Lazarus (2011 178-9) tellingly adds that Macey “believes that
Fanon’s ideas and commitments are obsolete. The world has changed
fundamentally since Fanon’s time” and “Fanon ‘has little to
say about the outcome of decolonization.”
4
And then I took the opportunity to go to Detroit to meet Raya
Dunayevskaya. Detroit, the scene of the 1967 urban rebellion, and at
that time a city rapidly in decline, was mapped out almost along the
lines that Fanon had written about.
5
An important footnote, an echo from the US, was the birth of the
“civil rights” movement in Derry.
6
On Bhabha’s “framing Fanon” and Philcox’s translation see my
“Relative Opacity: A new Translation of Fanon’s Wretched of
the Earth, Mission Betrayed or Fulfilled” in Social
Identities 13.1 (2007).
7
Markmann preferred “The fact of Blackness” rather than the
literal translation “The lived experience of the black.”
8
In a sense the tragedy of this struggle is reported in The
Wretched when the torturer and the tortured both seek help from
Fanon on the hospital grounds. Fanon found the torturer, who was
being treated for post-traumatic stress disorder, having a panic
attack. It took a long time for the tortured to believe that the
police were not coming to take him back. Torture is the essence of
colonial rule and for the torturers who act without a guilty
conscience the next stage for the torturer is absolute sadism (see
2004: 196, 199 n.25).
9
Additionally it is likely that Fanon took over the Soummam
Platform’s analysis of the agrarian question: “The massive
participation of the population (peasants) in the Revolution … has
profoundly marked the character of resistance … For the peasant
population is deeply convinced that its thirst for land can only be
satisfied by the victory of national independence” (Abane 38).
10
It could have easily been the lived experience of the nation!
11
Though (though like the Trotskyists) disagreeing that the peasantry
could be independently revolutionary (see Macey).
12
As well as the scholarly criticism of McClintock and Fuss included
in my Rethinking Fanon, see Helie-Lucas and Zouligha.
13
Glissant writes that “it is difficult for a French Caribbean
individual to be the brother, friend, or quite simply the associate
or fellow countryman of Fanon.

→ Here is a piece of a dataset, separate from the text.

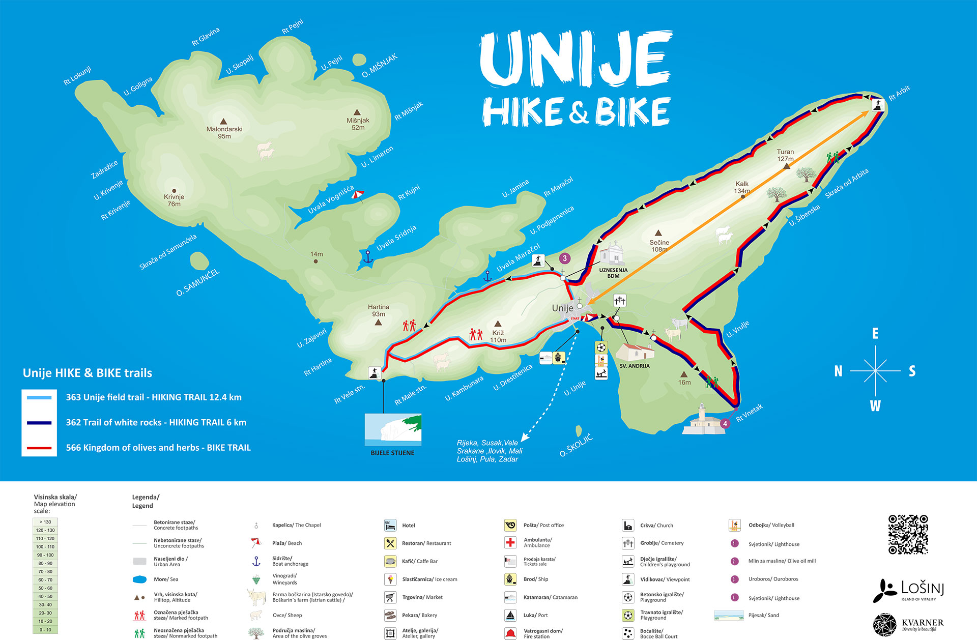 Poti, ki vodijo do razgledov Otok prepredajo urejene pohodniške poti, ki vas vodijo skozi dišeča polja sivke, smilja in oljčnih nasadov.

Because, of all the French Caribbean
intellectuals, he is the only one to have acted on his ideas,
through his involvement in the Algerian struggle.” Fanon made a
“complete break” and yet Martinican intellectuals have failed to
recognize him almost at all. He adds (69) that they could not find
in Fanon a figure who “awakened (in the deepest sense of the word)

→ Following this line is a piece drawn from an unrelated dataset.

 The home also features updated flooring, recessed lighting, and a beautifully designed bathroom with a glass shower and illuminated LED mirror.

the peoples of the contemporary world.”
14
Of course the influence had been mutual since the descriptions of
Black American life by writers such as Richard Wright played a role
in Fanon’s work. See Turner, “Racing.”
15
George Jackson’s Blood in my Eye was an important
engagement with Fanon from within and behind America’s prison
walls. And in this lineage the most serious reading of Fanon’s
Wretched of Earth is James Yaki Sayles’ “Meditations on
Frantz Fanon’s Wretched of the Earth” reprinted in a collection
of the same name. He is critical of the way that The Wretched
has been read narrowly and one-sidedly as a conception of violence
failing to note how little Fanon speaks of arms and much more about
“the need for people to develop their consciousness and to learn
to lead themselves …” (186). Unfortunately, Sayles left
unfinished his meditations. I would have especially been interested
in how he would develop Fanon’s revolutionary humanism (161).
16
As Lewis Gordon argues (2005 18), in Black Skin White Masks
Fanon is in a “supposedly cat-and-mouse game with Reason because
it wasn’t his ‘nature’” and thus when he walked into a room,
reason walked out!
17
The paranoid hostility to the idea of the shack
intellectual on the part of the authoritarian left has matched that
of the state to the point where the authoritarian left has
consistently supported the state against the movement.